Box 1: The role of psychological stress.

In this article, we focus primarily on the effects of the physiological “internal” stress that cancer represents. Another important element to consider is that of external stress (e.g., emotional or psychosocial), which can contribute both to the patient’s subjective experience and potentially to the progression of cancer. While a detailed discussion of external stress in cancer is beyond the scope of the current article, we provide a brief overview of its role here. The types of external stress associated with cancer are varied. For example, the diagnosis of cancer itself can cause an enormous stress response in some individuals, and can result in some of the physiological changes discussed above (e.g., elevated glucocorticoid and glucose concentrations) [127]. Consequently, cancer patients who undergo psychological therapy (e.g., supportive group therapy, mindfulness meditation) not only show improved psychological outcomes, but also reduced cancer progression, rates of relapse, and increased survival [130] [131]. However, it is important to note that cancer-induced changes in physiology and behavior could start years before diagnosis [3][128], with the additional psychological stress of having cancer further exacerbating these problems. The role of psychological state on cancer progression can also be observed in rodent models. For example, investigators demonstrated that mice with ‘high anxiety’ have decreased immunity and increased tumor progression and metastasis [129] independent of external stressors. To what extent the stress of a cancer diagnosis compared to cancer-induced changes in the physiology that began before diagnosis (e.g., alterations in the HPA axis) contribute to systemic problems faced by cancer patients needs to be further evaluated.

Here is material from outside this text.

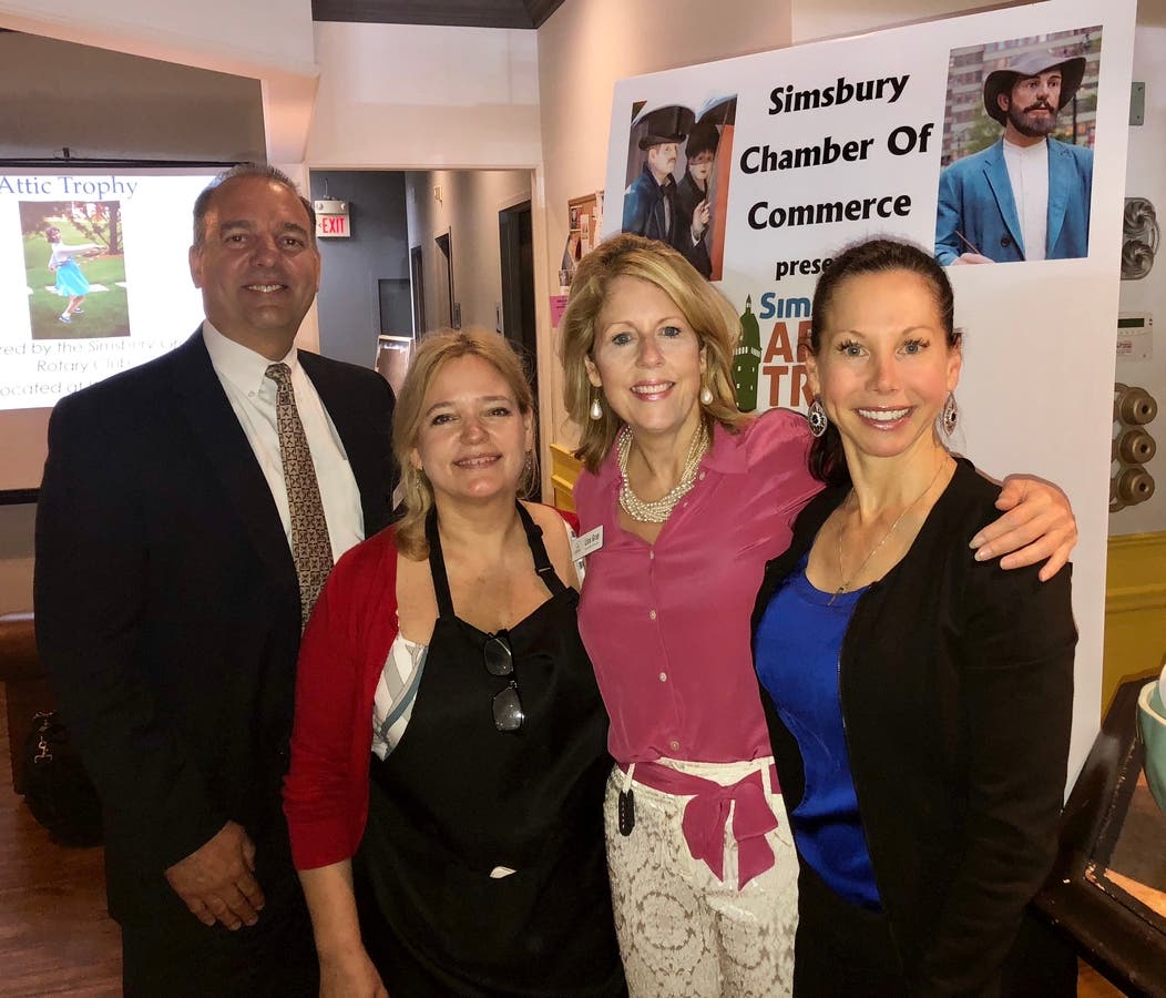 PHOTO: Simsbury Chamber of Commerce President Louis George of Hassett & George, P.C., Ana Oliveira of Ana’s Kitchen, Simsbury Chamber of Commerce Executive Director Lisa Gray and Simsbury Chamber of Commerce Publicist Alisa Picerno of Alliances By Alisa Media Relations celebrate the official launch of the Simsbury Chamber Art Trail in style at the exclusive Champagne Breakfast event, hosted by Ana’s Kitchen.

The hypothalamus is a critical brain structure responsible for establishing and maintaining homeostasis in systemic physiology. It is essential for the regulation of sleep/wake behavior, body temperature, sexual behavior, appetitive and consummatory phases of feeding, systemic energy balance, and circadian rhythms, among other functions [7]. Most, if not all, genetically-identified cell types within the hypothalamus can serve an integrative function, receiving inputs from a wide variety of internal and external stimuli to tune homeostatic responses [8][9]. Many physiological cues that hypothalamic neurons sense are frequently altered in the context of cancer, including inflammatory cytokines/chemokines (e.g., IL-6) [10] [11], metabolic fuel sources and intermediates (e.g., glucose) [12], and endocrine hormones (e.g., leptin, ghrelin) [13] [14].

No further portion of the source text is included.